Well two hot off the press (conference) trials from ESC 2025 are reshaping our post-CABG antiplatelet strategy:

TACSI Trial

  • Population: n=2,201 *ACS* post-CABG
  • Intervention: ticagrelor + aspirin (12 months, open-label)
  • Comparison: aspirin *mono*therapy (yes, aspirin monotherapy post-ACS)
  • Outcome: *at 1 yr* (10 yr follow-up study ongoing):
    – Thrombotic (MI, stroke, revasc, death): 4.8% vs. 4.6% → HR 1.06 (95% CI: 0.72–1.56)
    – Major bleeding: 4.9% vs. 2.0% → HR 2.50 (95% CI: 1.52–4.11)

But what about the GRAFT?

TOP-CABG Trial
(not yet published)

  • Population: CABG (ACS and SIHD) with 1+ saphenous vein graft, SVG (these guys are more prone to thrombosis)
  • Intervention: De-escalated DAPT (“De-DAPT”), ticagrelor + aspirin → *3 month*→ aspirin monotherapy
  • Comparison: ticagrelor + aspirin (12 months)
  • Outcome:
    – SVG occlusion (1 yr post-CABG, via coronary CT/A) 10.79% in De-DAPT vs 11.19% in DAPT (difference −0.31%; 95% CI: −3.13-2.52, non-inferiority margin +3.5% met ✔️)
    – Bleeding (BARC ≥2): 8.3% vs. 13.2% (HR 0.62; 95% CI: 0.48 to 0.81)

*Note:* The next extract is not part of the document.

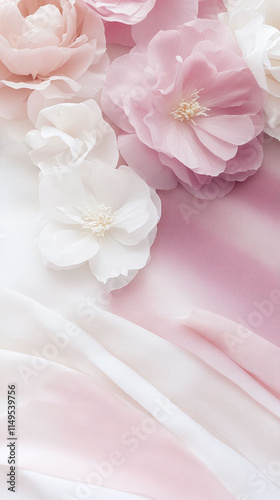 Soft pastel gradient of azalea pink and ivory layered with delicate white noise for an airy feel.
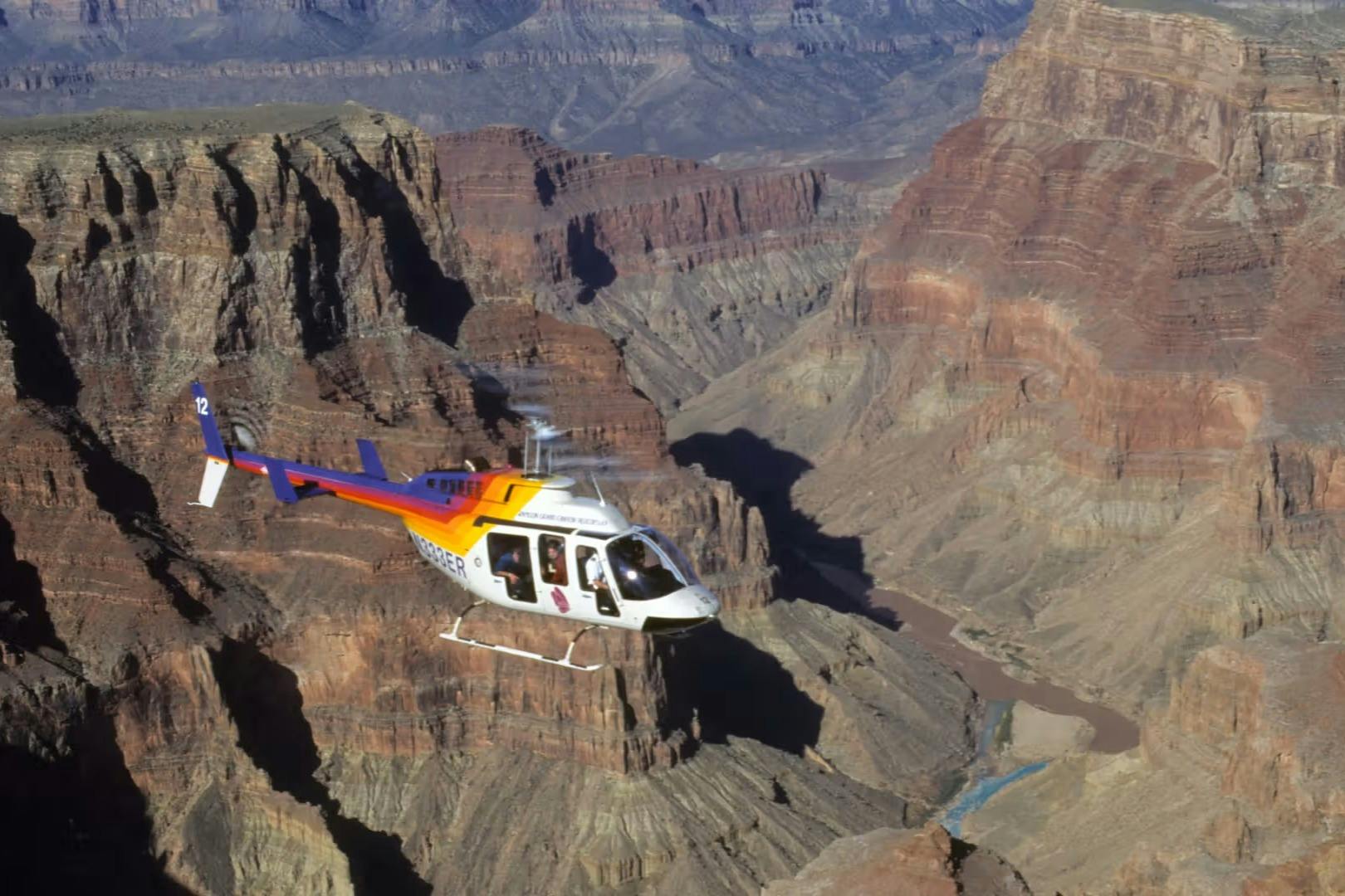 Fly from Boulder City air terminal to the Grand Canyon National Park in just over an hour. Start with a view of the South Rim from the airplane window. At the Grand Canyon, ride in a modified military style open-air Hummer. Make multiple stops at famous lookout points around the park. Your driver will aim for the best viewpoints with minimal traffic so you can spend more time exploring and taking photos. Optionally, add a helicopter tour over the Grand Canyon's northern and southern parts. See the striped canyon walls and the Colorado River below from above. Land back at the airport and continue your Hummer tour.

Take-home pearls: Post-CABG Antiplatelet Therapy:

– Aspirin monotherapy is appropriate for most patients after CABG — especially those with SIHD or elevated bleeding risk.

– Even in ACS or SVG grafting, pumping the brakes on DAPT by 3 months is probably the right choice — extended use rarely adds benefit and increases bleeding risk.

Always individualize:
– Assess ischemic vs bleeding risk (PRECISE-DAPT score)
– Account for prior bleeding, GI risk, and consider PPI prophylaxis
– Factor in graft type, clinical context, and patient preferences.”